Analysis: CYNTHIA MWALE
NEWS that the United Kingdom (UK)’s economy has slowed is an indication that globally, liquidity is tight and that this is not peculiar to emerging markets like Zambia.
When cash is tied up in non-liquid assets, it is referred to as tight or low liquidity. It also occurs when interest rates are high since that makes it expensive to take out loans.
Britain, which is known for manufacturing a wide range of vehicles, also saw the car sales fall and manufacturing sector stall, in general, although strong growth in information technology and accountancy offset the fall in car sales.
Latest data from the Office for National Statistics indicates that the marginal economy grew by 0.4 percentage points in the three months to October, slower than the 0.6 percentage points in the three months to September.
Global happenings draw my attention to our economy, which is equally facing internal and external challenges.
Zambia is not spared by external forces. Therefore, the persistent trade tension between the two huge economies – United States (US) and China – is really putting pressure on many countries, including Zambia.
The trade spat has resulted in US putting sanctions by raising tariffs to 25 percent from the current 10 percent. The decision takes effect on January 1, 2019.
This year alone, the Federal Reserve (US central bank) has increased interest rates three times. This entails that investing in securities in that market, considered to be a safe haven, became attractive as opposed to emerging markets.
In the past months, the unrelenting strength of the greenback has been a highly-topical issue, which experts repeatedly say the trend is fuelling the challenges in emerging economies like Zambia – US dollar is the major convertible currency.
On the other hand, China is Zambia’s major importer of copper and suffice to say that, if anything goes wrong with the Chinese market, the effect is severe as the world ‘catches a cold’.
Not emphasising that Zambia’s economy is a mono-commodity driven one, copper prices on the international market have not been too impressive, considering that the commodity is the country’s main source of earning.
Compounding the challenge is that copper is exported in its raw form – there is no value addition. This means that there are no industries to ensure jobs and wealth creation through various taxes.
With a fragile industrial base, the country needs to expedite the implementation of the industrial policy, which seeks to transform the economy through industrialisation and value addition.
Although domestic economic growth remains low, projected at four percent, some sectors are positively contributing to the gross domestic product (GDP) as observed by the Bank of Zambia in its third quarter briefing.

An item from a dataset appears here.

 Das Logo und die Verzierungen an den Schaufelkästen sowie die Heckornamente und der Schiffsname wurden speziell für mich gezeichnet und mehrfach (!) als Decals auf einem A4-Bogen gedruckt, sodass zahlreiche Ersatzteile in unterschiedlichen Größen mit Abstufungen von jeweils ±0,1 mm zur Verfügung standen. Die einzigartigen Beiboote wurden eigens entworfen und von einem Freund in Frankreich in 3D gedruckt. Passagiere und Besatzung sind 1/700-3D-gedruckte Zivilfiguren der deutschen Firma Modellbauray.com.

The growth is premised by a pick-up in mining, construction, and electricity generation, manufacturing, and information and communications technology sectors.
However, the country is threatened by the forecast El Nino in the 2018/19 farming season and debt service payment.

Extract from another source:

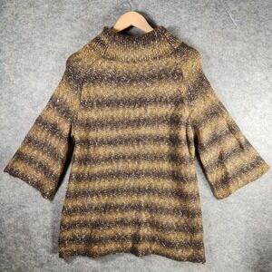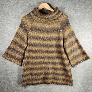 Adrienne Vittadini Studio Womens Sweater Size L Turleneck Striped Sparkle Knit

Zambia’s external and domestic debt stands at US$9.5 billion and US$4.6 billion respectively. This money was used for productive sectors in its quest to steer the engine of economic growth.
Despite the debt challenge, Government needs to be commended for its frantic efforts of dismantling the loans, which were used to undertake useful projects in rail, roads and the social sector (like building/upgrading schools and hospitals).
To borrow the World Bank’s sentiments, debt in itself is not bad, but what matters is how it is used and the level of contraction.
Apart from the drive in dismantling debt, Government has put in place austerity measures in public expenditure, cut down on domestic borrowing and heightened domestic revenue mobilisation, among others.
The fiscal consolidation is aimed at reducing the overall budget deficit in line with achieving macro-economic stability and not to depart from the Seventh National Development Plan focused on accelerating development efforts towards the Vision 2030.
For instance, the International Monetary Fund on Monday approved a US$3.7 billion loan for a three-year programme in neighbouring Angola to support that country’s economic growth.
The critical pillars of an IMF programme involve fiscal consolidation to bring debt for that country to safer levels, increase exchange rate flexibility to regain competitiveness, support monetary policy and reduce inflation.
While countries are globally battering with different challenges, Zambia should soldier on to implement its policies effectively.
It is also important that Zambia hedges itself against external shocks as no country is immune to outside forces.
The author is Zambia Daily Mail business editor.